Cristiano Ronaldo, 28 ans, n'a rien gagné avec le Real Madrid en 2013. Mais ce sont ses statistiques "perso" (69 buts en 59 matches) qui lui ont valu la récompense suprême. Au même titre que ses performances, enfin, à la hauteur avec la sélection portugaise, comme lors du barrage pour le Mondial-2014 remporté contre la Suède, avec notamment un triplé au retour. C'est d'ailleurs la prise en compte de ce barrage retour dans les votes qui a fait coulé beaucoup d'encre. Le président du Bayern Munich, Uli Hoeness, évoquait récemment ainsi à mots couverts dans la presse allemande un complot visant à ce que Ribéry ne gagne pas le Ballon d'Or: "Je crois que quelques personnes ont fait des choses et qu'il ne va pas gagner". Hoeness vise ici le changement des dates du vote.

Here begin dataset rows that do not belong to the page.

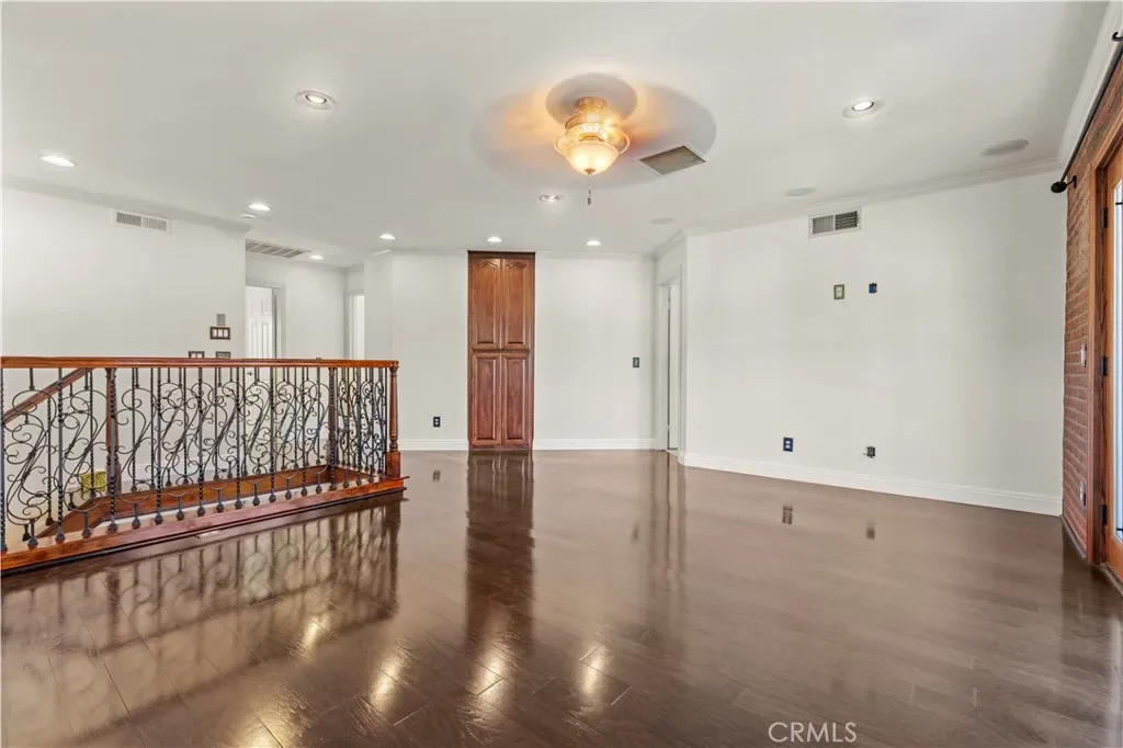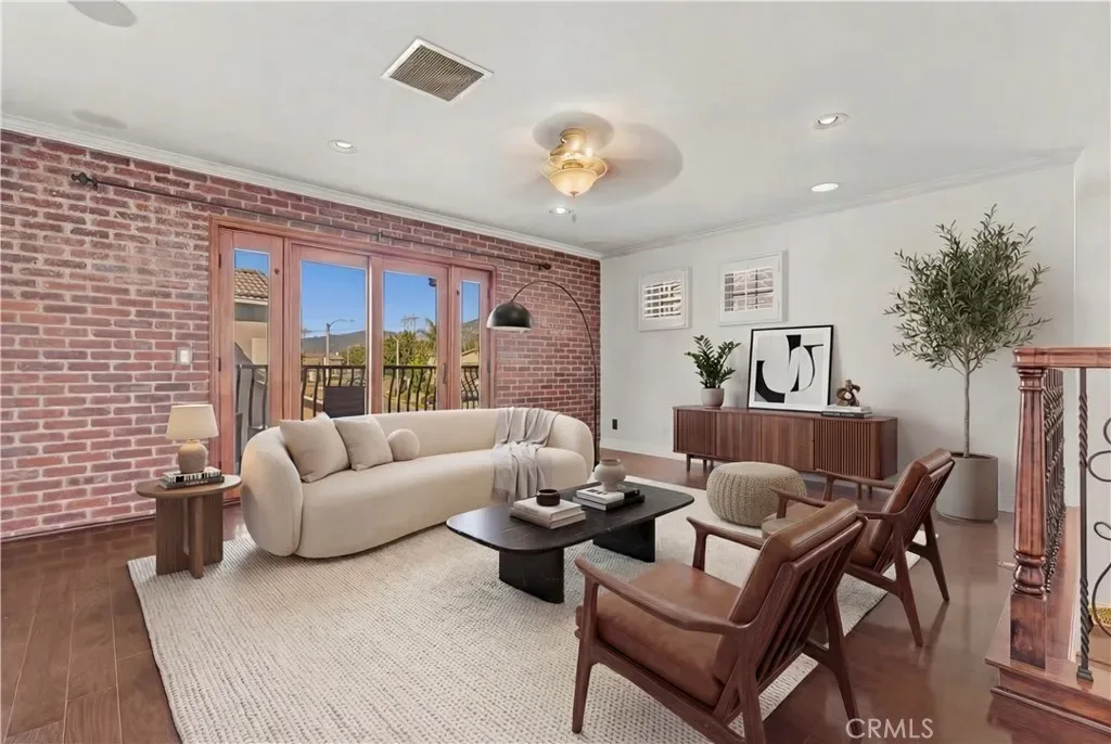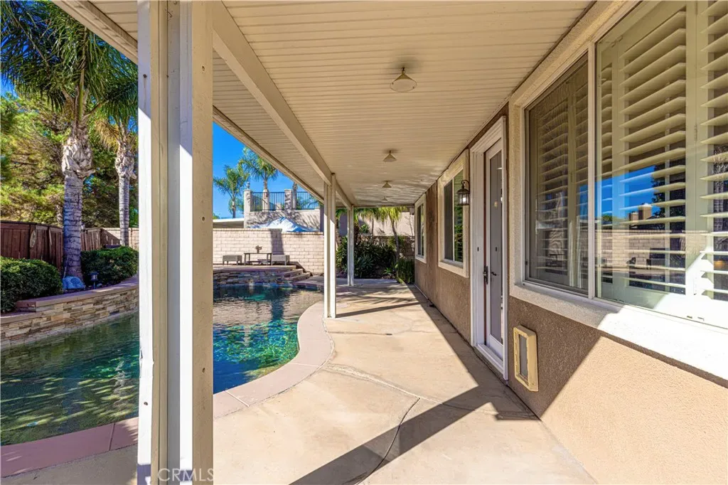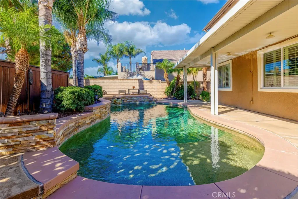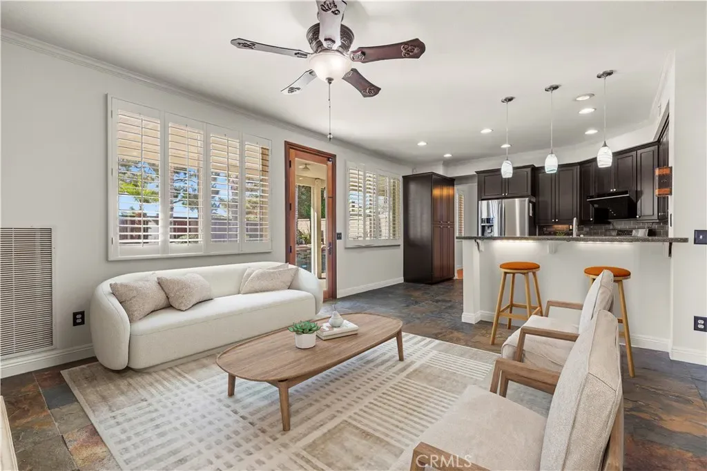 Set in one of Rancho Cucamonga’s most desirable neighborhoods and located within the highly acclaimed Etiwanda School District, this impeccably upgraded residence offers a rare blend of elegance, comfort, and resort-style living. Just moments from the Pacific Electric Trail, the home is ideally suited for those who value both outdoor recreation and refined indoor spaces. Upon entry, you are greeted by thoughtfully curated interiors showcasing custom natural slate flooring, detailed baseboards, and classic crown molding throughout. The home’s versatile open layout features multiple living areas, including two spacious family rooms and a formal dining space enhanced with premium SPC vinyl flooring that delivers the rich look of natural wood with modern durability. At the heart of the home is a stunning chef’s kitchen designed for both entertaining and daily enjoyment, complete with quartz countertops, high-end appliances, a FOTILE range hood, and effortless flow to the backyard. The adjacent family room invites relaxation with its stone-accented feature wall and cozy fireplace, creating a warm yet sophisticated atmosphere. Step outside to discover a true private retreat. The expansive backyard is thoughtfully designed for year-round enjoyment, featuring a sparkling pool and spa, covered patio, fully equipped outdoor kitchen, and a tropical-inspired Hawaiian seating area—perfect for hosting gatherings or unwinding in total privacy. The floor plan offers exceptional flexibility, including a private guest bedroom on the main level. Upstairs, a striking wrought-iron staircase leads to a spacious loft, a luxurious primary suite, and two additional well-appointed bedrooms. Additional upgrades include an energy-efficient solar system, custom built-in closets, plantation shutters, integrated outdoor furnishings, and a whole-home sound system. Beautifully maintained and move-in ready, this remarkable home delivers timeless style, modern conveniences, and an unmatched lifestyle experience. Opportunities like this are rare—this is luxury living at its finest.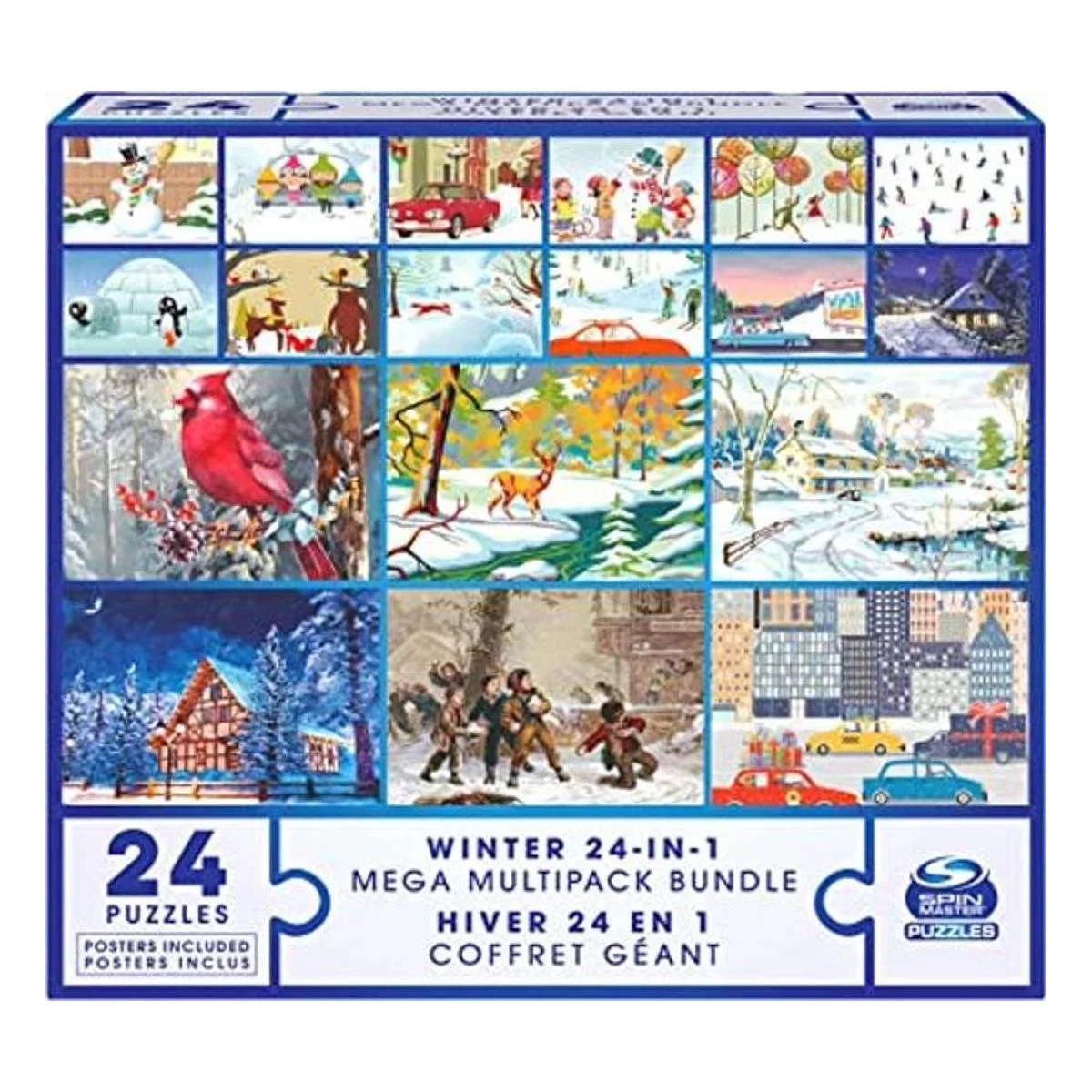 Paquete de 24 rompecabezas, paisaje de ilustración de nieve de invierno, 1000, 500, 300, 100, 48, 24 piezas, para niños y adultos a partir de 8 años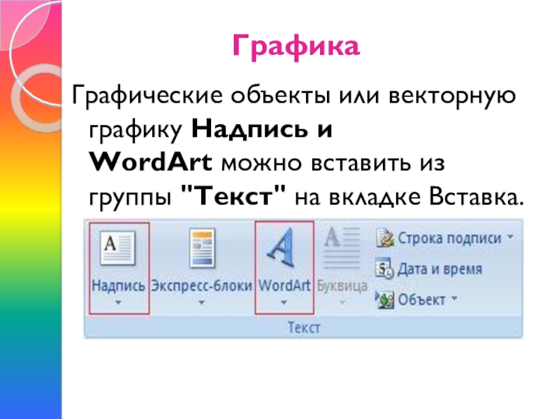 Графические объекты или векторную графику Надпись и WordArt можно вставить из группы "Текст"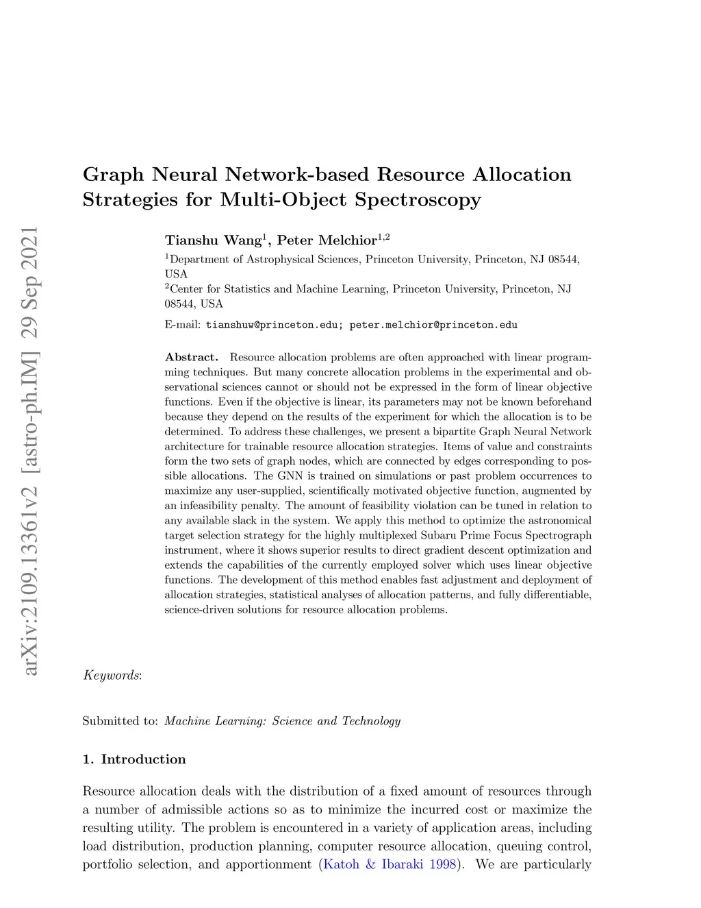 Resource allocation problems are often approached with linear programming techniques. But many concrete allocation problems in the experimental and observational sciences cannot or should not be expressed in the form of linear objective functions. Even if the objective is linear, its parameters may not be known beforehand because they depend on the results of the experiment for which the allocation is to be determined. To address these challenges, we present a bipartite Graph Neural Network architecture for trainable resource allocation strategies. Items of value and constraints form the two sets of graph nodes, which are connected by edges corresponding to possible allocations. The GNN is trained on simulations or past problem occurrences to maximize any user-supplied, scientifically motivated objective function, augmented by an infeasibility penalty. The amount of feasibility violation can be tuned in relation to any available slack in the system. We apply this method to optimize the astronomical target selection strategy for the highly multiplexed Subaru Prime Focus Spectrograph instrument, where it shows superior results to direct gradient descent optimization and extends the capabilities of the currently employed solver which uses linear objective functions. The development of this method enables fast adjustment and deployment of allocation strategies, statistical analyses of allocation patterns, and fully differentiable, science-driven solutions for resource allocation problems.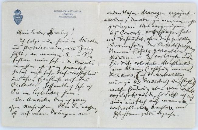 My Dear Spiering: I am sitting here in Munich and am rehearsing to the utmost of my strength on my Eighth Symphony. I miss you very much. The concertmaster is fair, but without any deeper understanding and has no influence on the orchestra. I hope that I shall see you here in September. I have received no news from America. As you know, due to my insisting, a good manager has been engaged, but to my displeasure he has suggested and arranged 65 concerts for the season. He maintains that without this increase in concerts he will not be able to insure a financial success. I asked for a small increase of my salary, on account of the added amount of work. My contract only calls for 45 concerts. My request however, was not granted by the committee, so I shall just have to abide by my contract. I have submitted my decision to the committee, but have heard nothing since then. I greet you heartily and thank your wife for her dear lines. I hope that I shall meet her this year. My wife also sends hearty greetings. Mahler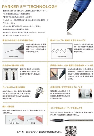 「書きやすさの追求」を続けるパーカーが、筆記に関わるテクノロジーを全て見直し、書き味そのものの定義を新たに提唱するために誕生したのが「パーカー 5th テクノロジー」 。このパーカー独自の技術を搭載した「パーカー インジェニュイティ」は撫でるように滑らかな書き味と万年筆、ボールペン、ローラーボール、ペンシルのメリットを凝縮した機能性から第5の筆記モードと位置付けられています。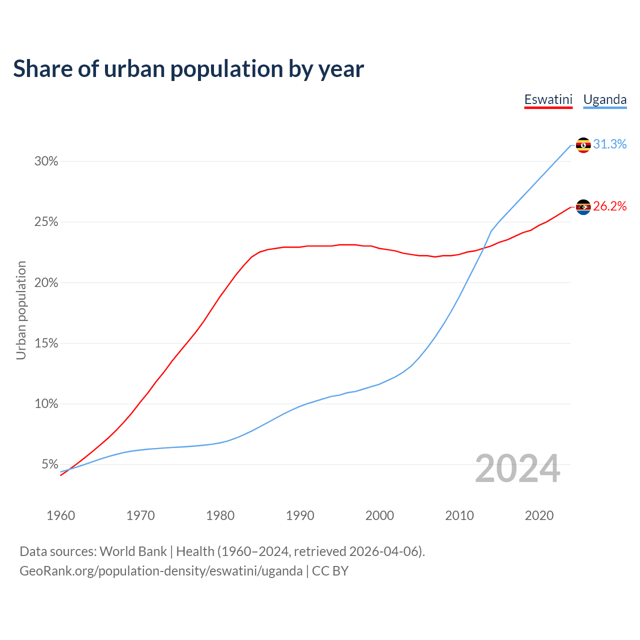 From 2004 to 2024, the share of urban population changed from 22.3% to 26.2% in Eswatini and from 13.1% to 31.3% in Uganda.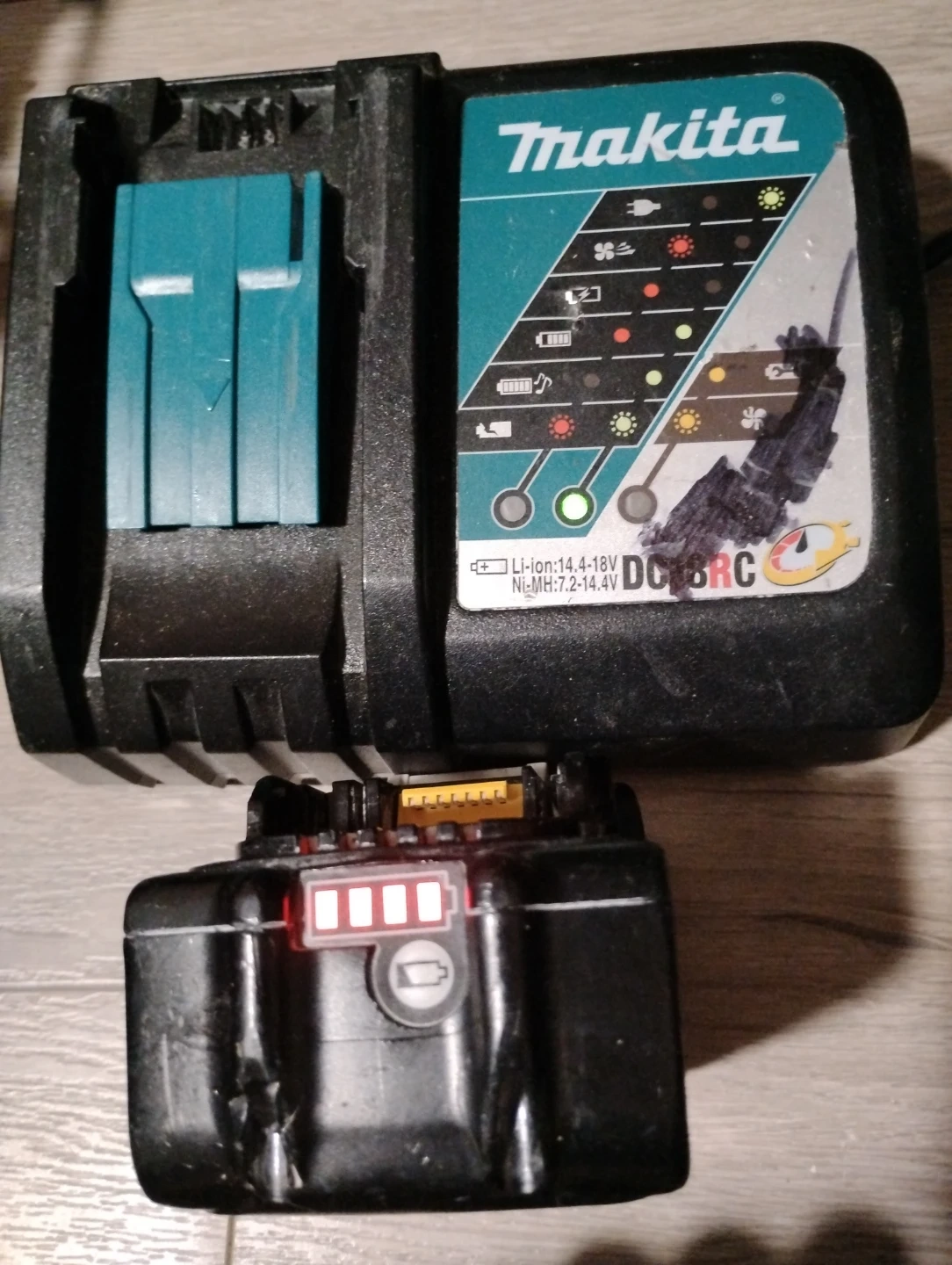 Includes a Makita 18V LITHIUM-ION 4.0Ah battery and a DC18RC charger. The battery has indicator lights showing its charge level. Charger is compatible with 14.4-18V Ni-MH and Li-ion batteries.

Initialement le scrutin pour le trophée (journalistes, sélectionneurs et capitaines des équipes nationales, à part égale) devait être clos au soir des barrages aller en Europe (15 novembre).Mais arguant d'un "nombre de votes à la date limite trop faible pour être suffisamment représentatif", le suffrage avait été "rallongé de deux semaines (jusqu'au 29 novembre)" par la Fifa et l'hebdomadaire France Football, qui gèrent de concert ce prix. Or, le barrage retour du Mondial le plus médiatique de la zone Europe, Suède-Portugal, a eu lieu le 19 novembre, et le triplé de Cristiano Ronaldo a fait le tour des télévisions et sites internet. De là à lui rapporter un supplément significatif de voix ?

Pas à en croire le directeur de communication de la Fifa, Walter de Gregorio, qui a assuré à quelques heures du dénouement lundi que si le taux de participation est bien passé de 50% au 15 novembre à 88% au 29 novembre, "le classement" des trois finalistes était resté "le même" entre ces deux dates.Certains pro-Ribéry ont vu dans la modification de la fenêtre de votes une sorte de compensation -ce qu'a toujours réfuté la Fifa- après l'incident diplomatique Blatter-Ronaldo. En visite à l'Université d'Oxford, Joseph Blatter, président de la Fifa, avait été filmé en train de comparer Ronaldo à "un commandant sur le terrain", confiant préférer Messi. Devant le tollé suscité au Real Madrid et au Portugal, Blatter avait dû présenter des excuses. Aujourd'hui, tout cela est oublié pour Ronaldo, venu à Zurich célébrer l'évènement avec sept membres de sa famille. Et qui est aujourd'hui le roi de la planète football.